When asked if he ever wishes his mom were “normal” and that they could have a conversation, his response is immediate.
“Every day of my life,” Matthew says. “Every day. Me and my mom were pretty close. I love my mom to death. She’s like my favorite person I’ve ever met.”
Help from others — and a pop star
Despite the challenges, the Bartells say they’re closer than they’ve ever been. One reason is they all work and contribute money so bills can be paid.
“Everybody just kind of tosses money in to the pot to keep us going,” Mike says. “We’ve had to learn to live on hardly anything. She has disability insurance, and it’s the best thing she can have. The problem with it is you can only make a little bit of money.”
Mike’s full-time job is caring for Lauri. He says he’s paid in blessings and credits the generosity of friends, family members and strangers for helping the family survive. A GoFundMe account has raised nearly $29,000 over the past three years.
“People have come out of the woodwork giving us money and trying to help us out,” Mike says.
One of those people? Taylor Swift.
Earlier this year, Sadie posted about her mom’s condition on Tumbler and tagged Swift – her favorite singer. Hundreds of other fans shared the post and tagged the pop star. A few weeks later, a donation of $15,500 was deposited to the family’s GoFundMe account from Swift herself.
“I just started screaming. I looked at the thing and I bawled my eyes out,” Sadie remembers. “My dad started crying when I told him. It was just surreal. It will never feel real to me.”
Many ask Mike why he hasn’t admitted Lauri into a facility. After all, it would ease the financial burden on the family and life could be easier.

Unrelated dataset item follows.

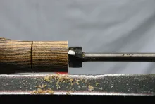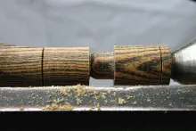 Sand to at least 800 grit and use the parting tool to detach both barrels at the sizing grooves, starting with the top barrel. Finish the barrel opening by hand using the side scraper, the inner wall of the barrel using sand paper and the bottom of the hole in the lower barrel using epoxy (a thin layer of epoxy will ensure a completely smooth bottom). Treat the whole stacker (inside and out) with boiled linseed oil.

“She would rather pass on than be in a facility. The reason we have taken care of her like this is because she loves being with her family, and if she couldn’t be with her family, she would rather go,” Mike says, holding back tears. “She’s a very faithful person and believes God’s waiting there for her so she wouldn’t have any problem moving on. But she loves being with her family and I know this is where she wants to be.”

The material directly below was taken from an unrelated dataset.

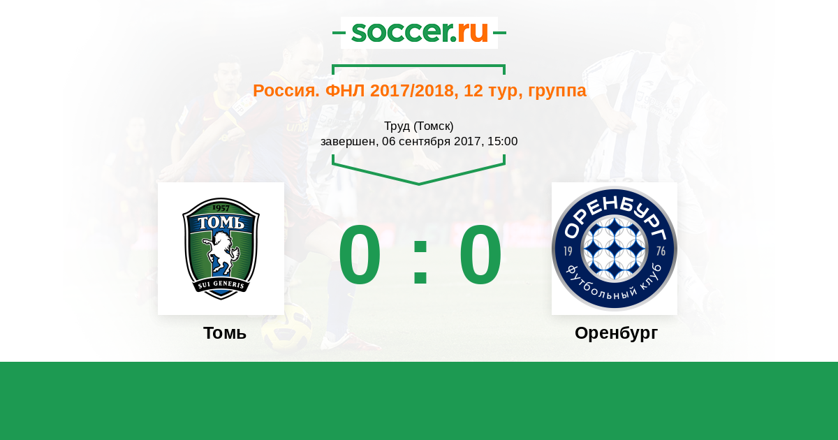 Томь - Оренбург: обзор матча 6 сентября 2017

Lauri is doing fine physically. She receives nutrition through a feeding tube, and Mike sleeps next to her on a separate mattress – waking up every two hours to turn her over so she doesn’t get bedsores.
“Mike is so amazing as far as the care he’s giving,” Dr. Michael Harris says. “The home care folks report they’ve never seen someone look after a partner so well. And with ample care, as long as the brain stem is working, people can live for a long time.”
It’s unknown if Lauri knows what’s happening around her but what Mike does know is that when he’s not near her, she makes distressing noises until he calms her down.
He also knows she’s content and happy when her family is around and that as a husband he, 28 years ago this month, committed to love and serve his wife forever – no matter what.
“As kind and sweet as she’s always been to everybody in the family, and the way she raised the kids, and the way she’s been as a wife, I feel grateful that I get to serve her,” Mike says.
Our attorneys tell us we need to put this disclaimer in stories involving fundraisers: EastIdahoNews.com does not assure that the money deposited to the account will be applied for the benefit of the persons named as beneficiaries.